In un paesaggio segnato dall’egemonia dell’uomo della
moneta, il tratto più macroscopico non può che essere il riconoscimento della
‘natura asociale’ dell’uomo come dato ‘originario’. E la conseguenza diventa
fatalmente l’accettazione della solitudine come condizione ineluttabile: «Nell’età
della moneta l’uomo si riconosce primariamente nella condizione originaria di
animale asociale. È una condizione antichissima, tornata sulla scena con le sue
conseguenze. La prima conseguenza è la concezione del mondo della moneta spazza
via i tanti conflitti tra gli uomini nelle tante loro società, e porta non alla
pace kantiana ma ad accettare come ineluttabile l’essere solo dell’individuo.
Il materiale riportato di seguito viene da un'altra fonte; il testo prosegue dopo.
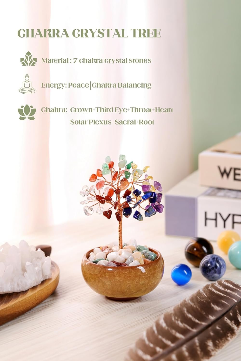[Chakra Crystal Tree]: a body with a fine energy structure, descrided as Chakra(energy center) in a sanskrit word. Each spiritual colored energy healing gemstone is strongly connected with a specific Chakra to raise your vibration and to emit positive flow of energy, helps to balance your chakra, reiki healing, promote positive energy, enhance creativity and confidence

Dalla sua solitudine ciascuno ricava il proprio stare al mondo, da debole o da
forte, e nel XXI secolo ciò è sempre più visibile e sempre più accettato. Non è
subìto, è accettato» (p. 176). Le domande che per molti versi orientano l’intera
indagine compiuta da di Leo non possono però non coinvolgere il ruolo degli
«uomini del libro», di quei «filosofi-re» che hanno rinunciato al ruolo
politico che per buona parte dell’Ottocento e del Novecento erano stati in
grado di interpretare, e dalla cui capacità di articolare una critica all’altezza
del tempo dell’algoritmo dipende probabilmente anche il futuro della politica nel
XXI secolo: «accecati dalle antiche, classiche certezze dei filosofi-re, non
sono stati capaci di vedere e di capire il percorso che portava all’età della
moneta? Oppure non sono stati essi capaci di sbarrarlo? Forse a impedirlo è stata
la loro fede nell’illuminismo, una fede che ha fatto leggere il Capitale di Marx come il manuale per l’edificazione
della società perfetta mentre era l’analisi del capitalismo. E la prova del
fraintendimento è venuta quando i pianificatori sovietici hanno preso a modello
gli schemi di riproduzione del secondo libro del Capitale per la loro economica senza capitalisti, creando un
capitalismo anomalo ma pur sempre un capitalismo, come si è visto dopo la fine
dell’Urss» (pp. 171-172). E se la risposta a queste domande ha certo una notevole
importanza per comprendere il nostro passato, oltre che per ricostruire le
sequenze che conducono al nostro presente, forse – come suggerisce Rita di Leo
nelle pagine conclusive – si tratta anche di una risposta che coinvolge il
nostro futuro. Perché, «nel secondo decennio del nuovo secolo, la risposta alla
domanda riguarda il futuro degli uomini dei libri: torneranno per sempre nella
caverna, o cominceranno a pensare contro gli algoritmi?».